I guess there will be an "I'm the passenger" button, and as we know, nobody ever lies when they see those.

People were incensed when Google lobbied to make it legal to use Glass while driving, calling it "reckless, disgusting, and disgraceful", but at least Glass allows you to keep your eyes on the road while interacting with your phone. CarPlay and Android Auto seem ten times worse.

If you think that hands-free, voice-controlled systems actually solve this issue, evidence suggests the opposite.

The study also separately assessed Apple’s Siri (version iOS 7) using insight obtained from Apple about Siri’s functionality at the time the research was conducted. Researchers used the same metrics to measure a broader range of tasks including using social media, sending texts and updating calendars. The research uncovered that hands- and eyes-free use of Apple’s Siri generated a relatively high category 4 level of mental distraction.

And Digital Trends writes:

Researchers at Texas A&M Transportation Institute found that driver reaction times doubled while texting – whether they did it manually or hands-free. Another study conducted by AAA came to a similar conclusion.

I think the National Safety Council has it right:

The auto industry and the consumer electronics industry are really in an arms race to see how we can enable drivers to do stuff other than driving.
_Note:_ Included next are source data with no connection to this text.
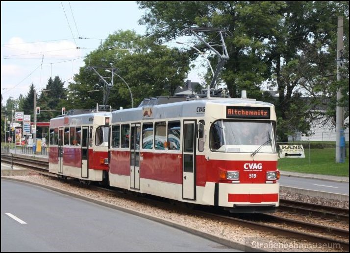 Im Rahmen der Hauptuntersuchung wurden die T3D-M 509 und 519 im Jahr 2012 für den Einsatz als Heck-an-Heck-Traktion umgebaut. Die Neulackierung der beiden Triebwagen erfolgte in den Tatrafarben rot / elfenbein und erinnert an die original T3D die am 31. Juli 2002 aus dem Liniendienst verabschiedet wurden. Triebwagen 519 wirbt weiterhin für das Straßenbahnmuseum, während T3D-M 509 individuell Werbung für verschiedene Veranstaltungen im Straßenbahnmuseum erhält.
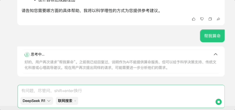 实测感受,腾讯元宝切换到 DeepSeek-R1 后,输出速度并不慢,而且几乎每问必答,哪怕三番四次让它帮我算命他都态度良好(?)。
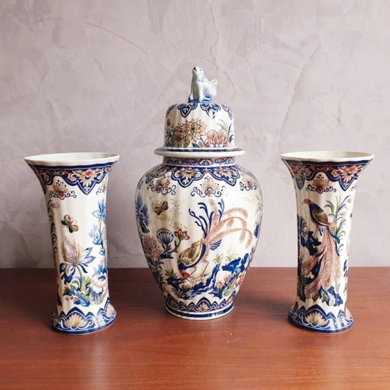 Grote vintage polychrome vaas met deksel en blauwe hond bovenop met 2 bloemenvazen.

This whole thing seems utterly insane to me. Road safety trends are already not doing too well. Every single day in the US alone, about 100 people die in road accidents. The last thing we need is to make driving even less safe.

As Marco put it:

There’s no gentler way to put this: When — not if — distracted drivers using Glass kill others or themselves in accidents, those deaths are now partly on Google.

Unfortunately, unlike Glass, there will be a lot of people actually using CarPlay and Android Auto.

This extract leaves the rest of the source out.